Capítulo 303: El Señor de la Mansión Cangfeng
—¡Ah! ¡Hermano Yun...! ¿Qué haces? ¡¿Por qué te haces daño?!
La acción de Yun Che hizo que Cang Yue perdiera el color al instante. Al ver la sangre que fluía rápidamente bajo el filo, entró en pánico y no supo qué hacer, angustiada y conmovida. Durante todo el proceso, la expresión de Yun Che no cambió en absoluto. Miró a Cang Yue y dijo lentamente: —Al verme clavarme esto de repente, seguro que tu corazón duele mucho, ¿verdad? Así como a mí me dolió verte vestida de novia.
Cang Yue negó con fuerza y rompió a llorar: —¡No! ¡No es lo que parece! ¡No quiero casarme con él! Solo... solo...
Yun Che negó con la cabeza y dijo: —Lo sé. No es eso lo que me duele, porque sé que aunque yo muriera, en el corazón de mi hermana mayor solo estaría yo. Lo que me duele es que te estés maltratando, haciéndote daño... ¡como yo ahora mismo, clavándome este cuchillo!
—Yo... yo...
—Este cuchillo es para que sientas mi dolor... y también el castigo que merezco. Te di una promesa, pero cuando más desamparada y necesitada estabas, no pude estar a tu lado. Solo pudiste intentar salvar a tu padre haciéndote daño... y por poco te pierdo para siempre.

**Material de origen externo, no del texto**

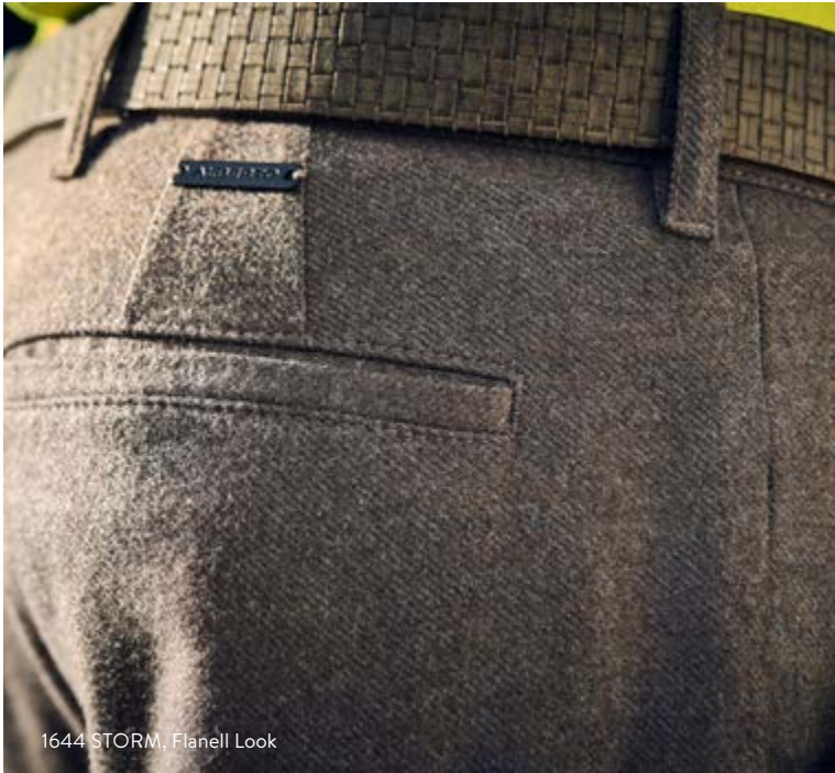
1644 STORM, Flanell Look

Cang Yue, antes de ser llevada a la Secta Fantian, se habría cortado la vida con esa hoja envenenada. Si Yun Che hubiera llegado un día después, nunca más la habría visto.
Yun Che sacó la hoja envenenada de su pecho y la arrojó lejos al suelo. La sangre de la herida se detuvo al instante. Levantó la mano y secó suavemente las lágrimas del rostro de Cang Yue. Su voz ya no pudo mantener la calma; se volvió increíblemente suave y llena de compasión. La añoranza y la preocupación que había sentido por ella durante todo ese tiempo se desbordaron a través de su mirada y su voz: —Hermana mayor... déjame abrazarte bien... ¿de acuerdo?

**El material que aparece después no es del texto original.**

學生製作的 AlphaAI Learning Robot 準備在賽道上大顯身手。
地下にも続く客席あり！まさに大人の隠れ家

—¡Uuh...! —Cang Yue sollozó desgarradoramente y se lanzó con todas sus fuerzas a los brazos de Yun Che. Lo abrazó con fuerza, apretándolo, y rompió a llorar a gritos. Todo el dolor, la nostalgia, la desesperación, la confusión y el miedo que había sentido durante más de un año se desahogaron libremente en el pecho de Yun Che. Sus sollozos rompían el corazón de quienes los rodeaban.

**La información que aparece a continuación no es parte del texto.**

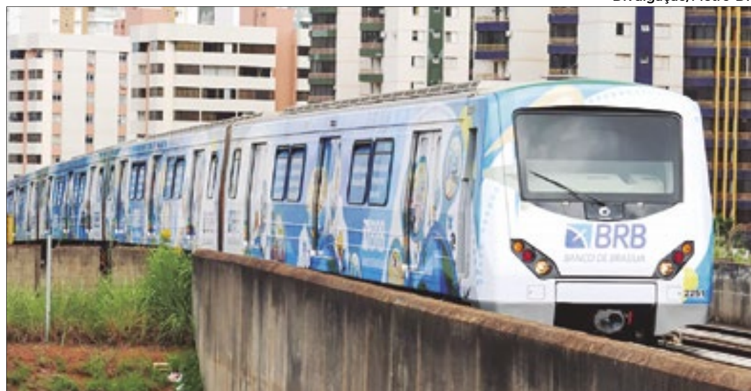
Metrô-DF arrecadou cerca de R$ 5 milhões com publicidade em 2023

Yun Che también la abrazó con fuerza, pero no lloró. Sonrió con satisfacción y alivio. Se alegraba de haber vuelto a tiempo, de que no hubiera ocurrido lo irremediable; de lo contrario, no habría sabido cómo enfrentar esa terrible consecuencia. Le dio unas palmaditas suaves en la espalda y susurró: —Hermana mayor... de ahora en adelante, pase lo que pase, no vuelvas a hacer nada que te haga sentir mal o que te lastime, ¿de acuerdo?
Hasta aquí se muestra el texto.